По пути на выход он краем глаза заметил на полке для обуви буклет о новых техниках окрашивания волос. В белом прямоугольнике стояла синяя печать парикмахерской, перед которой он встретил Кати.
Это не могло быть совпадением. Это еще один знак того, что судьба направляет его в нужную сторону.
– Вы знакомы с Кати? Из парикмахерской «Роза»?
– Кати там не работает, она госслужащая. А стрижками занимается просто так. На днях о ней писали в газете. У них есть раздел под названием «Наши негласные героини». Кто бы мог подумать, что одна из них живет за углом и ты иногда сталкиваешься с ней в булочной по утрам!
– Кати живет здесь?
– Да, на Вайнбергштрассе. – Она указала направо. – Отсюда не больше ста метров. А вы один из клиентов Кати… ну конечно, иначе у вас не было бы такой модной стрижки.
– Мам, я хочу вернуться к игре!
– Мужчина уже уходит. – Хозяйка открыла дверь. – Приятного вечера.
– Да, и вам.
Закрывая дверь, женщина впервые улыбнулась ему как нормальному человеку.
Через две минуты Северин уже находился на Вайнбергштрассе. А еще через три минуты после этого стоял перед оранжевым «жуком» Кати.
Небольшой дом с зелеными ставнями почти полностью зарос плющом, который вился по кирпичным стенам и черной шиферной черепице крыши до самого дымохода.
Из окон на тротуар падал свет. Справа от входной двери к стене был прикреплен чугунный номер дома: 6.
Совсем как «Пасторальная симфония» Бетховена – шестая.
Такого количества совпадений не бывает.
Северин поискал Кати, бродя взглядом по окнам с решетчатым переплетом, и обнаружил на втором этаже. Кажется, рядом с ней стоял мужчина в тренче.
Нельзя звонить в дверь. Ни при каких обстоятельствах.
Это будет выглядеть так, словно он ее преследует. Как сумасшедший, как человек, представляющий опасность.
Кати уткнулась лицом в ладони, и ее тело затряслось в приступе рыданий.
Северин шагнул к входной двери и нажал на кнопку звонка.
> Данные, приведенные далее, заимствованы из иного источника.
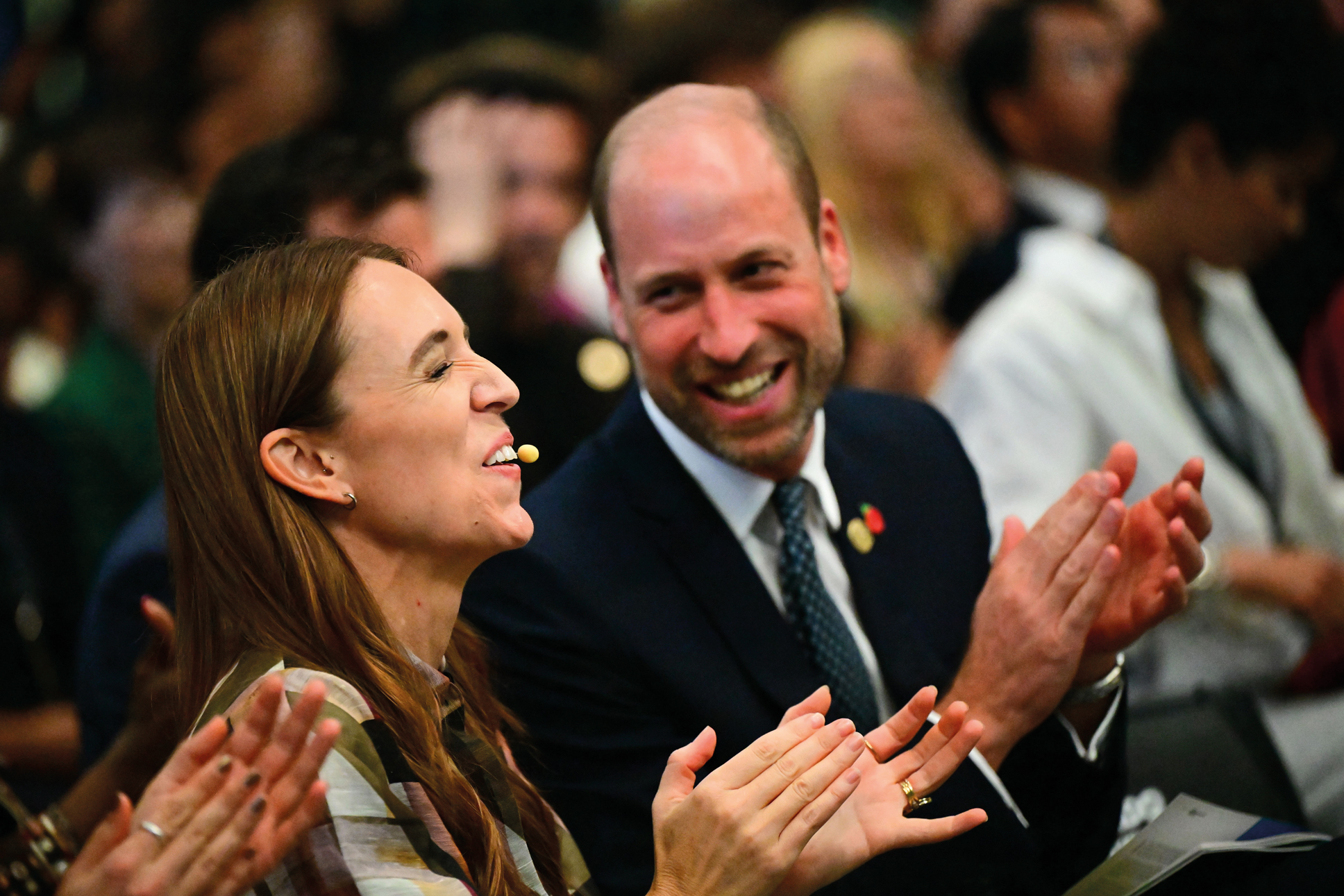 Jacinda Ardern shares a joke with Prince William at the Earthshot Summit in Rio de Janeiro, 2025. Image: Victoria Jones / Shutterstock

Глава 3. Симфоническая женщина
На вечный вопрос о том, что делать, чтобы человек перестал плакать, ни у кого нет ответа.
В тот вечер Северин этот ответ нашел: позвонить в дверь. Особенно действенно, если непонятно, кто звонит. Еще и происходит это поздно вечером.
Это выдернуло Кати из печали, в которую она погрузилась с головой из-за того, что поговорила с умершим отцом и не получила ответа. Шляпа и тренч безжизненно висели на черной вешалке для одежды.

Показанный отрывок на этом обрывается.